## [Task to carry out]
Among the entries below, copy only the span from the line containing "Primăria Dumbrăvești informează" through the line containing "Pelantikan turut dihadiri". Do so exactly, and skip the pictures.

## [Source data]

· · · · ·

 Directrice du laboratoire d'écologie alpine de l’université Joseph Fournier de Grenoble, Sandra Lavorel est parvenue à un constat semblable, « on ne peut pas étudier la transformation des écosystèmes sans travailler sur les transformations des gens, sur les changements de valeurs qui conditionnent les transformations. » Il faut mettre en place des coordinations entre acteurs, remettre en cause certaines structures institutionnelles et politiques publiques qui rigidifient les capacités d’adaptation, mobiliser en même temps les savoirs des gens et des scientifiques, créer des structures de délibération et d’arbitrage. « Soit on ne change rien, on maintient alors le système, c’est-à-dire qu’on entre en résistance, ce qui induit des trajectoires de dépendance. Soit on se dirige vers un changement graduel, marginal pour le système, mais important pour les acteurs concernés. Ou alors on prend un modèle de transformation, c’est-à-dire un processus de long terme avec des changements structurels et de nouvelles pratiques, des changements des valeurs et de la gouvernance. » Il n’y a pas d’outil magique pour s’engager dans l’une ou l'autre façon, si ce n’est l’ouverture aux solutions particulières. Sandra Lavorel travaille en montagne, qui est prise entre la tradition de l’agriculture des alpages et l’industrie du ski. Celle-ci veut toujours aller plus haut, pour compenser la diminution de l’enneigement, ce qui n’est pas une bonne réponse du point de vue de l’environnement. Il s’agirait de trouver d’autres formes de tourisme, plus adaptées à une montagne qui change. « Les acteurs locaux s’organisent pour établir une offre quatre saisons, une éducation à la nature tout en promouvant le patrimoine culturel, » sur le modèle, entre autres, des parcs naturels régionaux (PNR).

· · · · ·

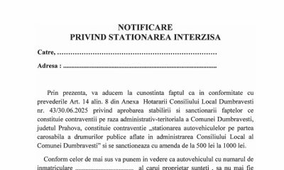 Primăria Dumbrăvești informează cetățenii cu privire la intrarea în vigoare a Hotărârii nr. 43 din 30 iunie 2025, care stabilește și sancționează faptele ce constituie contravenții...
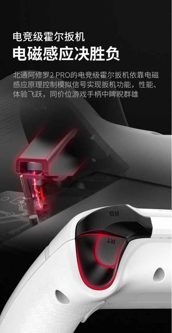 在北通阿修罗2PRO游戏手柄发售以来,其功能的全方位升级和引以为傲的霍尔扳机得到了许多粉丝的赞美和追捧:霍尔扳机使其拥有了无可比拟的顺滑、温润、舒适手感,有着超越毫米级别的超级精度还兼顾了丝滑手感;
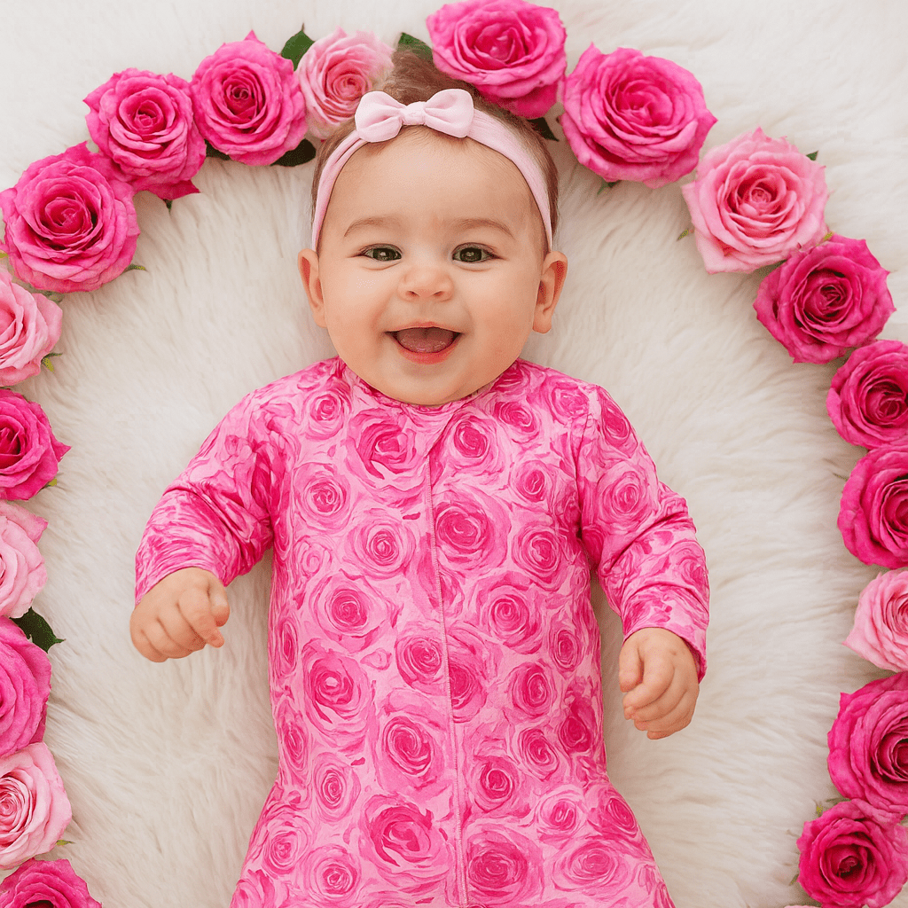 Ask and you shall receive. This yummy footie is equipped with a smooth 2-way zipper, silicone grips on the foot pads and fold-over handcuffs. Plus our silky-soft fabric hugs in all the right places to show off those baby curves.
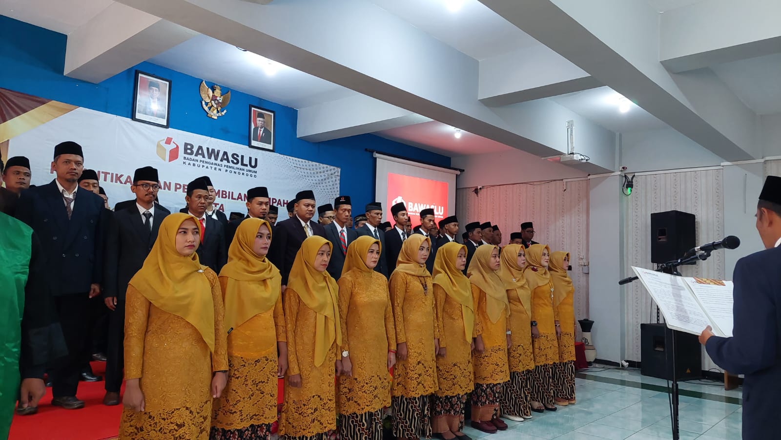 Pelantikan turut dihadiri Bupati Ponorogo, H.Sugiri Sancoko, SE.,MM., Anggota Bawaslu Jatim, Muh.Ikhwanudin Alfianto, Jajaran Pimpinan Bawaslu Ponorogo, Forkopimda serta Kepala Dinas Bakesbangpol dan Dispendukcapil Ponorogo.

· · · · ·

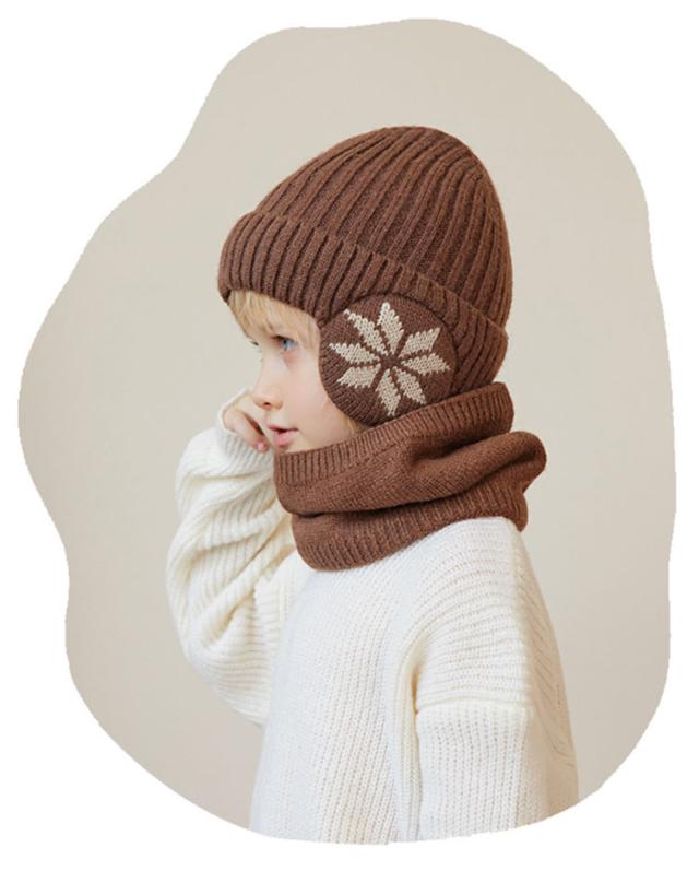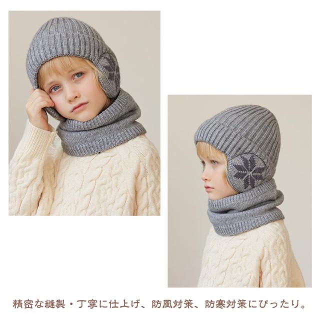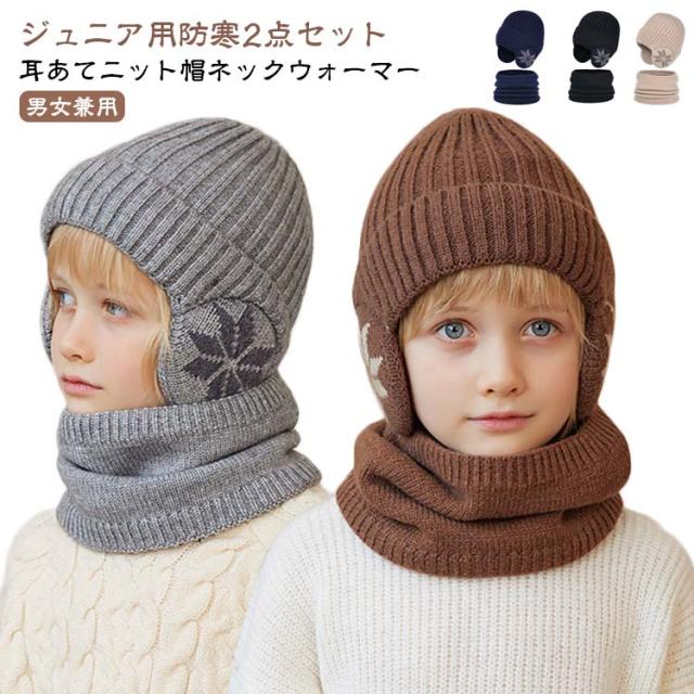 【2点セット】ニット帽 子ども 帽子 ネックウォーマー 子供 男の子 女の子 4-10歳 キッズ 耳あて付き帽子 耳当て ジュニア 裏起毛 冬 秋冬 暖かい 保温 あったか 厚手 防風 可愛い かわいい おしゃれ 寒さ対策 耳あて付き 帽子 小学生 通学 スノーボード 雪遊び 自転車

· · · · ·

## [Result for this task]
 Primăria Dumbrăvești informează cetățenii cu privire la intrarea în vigoare a Hotărârii nr. 43 din 30 iunie 2025, care stabilește și sancționează faptele ce constituie contravenții...
 在北通阿修罗2PRO游戏手柄发售以来,其功能的全方位升级和引以为傲的霍尔扳机得到了许多粉丝的赞美和追捧:霍尔扳机使其拥有了无可比拟的顺滑、温润、舒适手感,有着超越毫米级别的超级精度还兼顾了丝滑手感;
 Ask and you shall receive. This yummy footie is equipped with a smooth 2-way zipper, silicone grips on the foot pads and fold-over handcuffs. Plus our silky-soft fabric hugs in all the right places to show off those baby curves.
 Pelantikan turut dihadiri Bupati Ponorogo, H.Sugiri Sancoko, SE.,MM., Anggota Bawaslu Jatim, Muh.Ikhwanudin Alfianto, Jajaran Pimpinan Bawaslu Ponorogo, Forkopimda serta Kepala Dinas Bakesbangpol dan Dispendukcapil Ponorogo.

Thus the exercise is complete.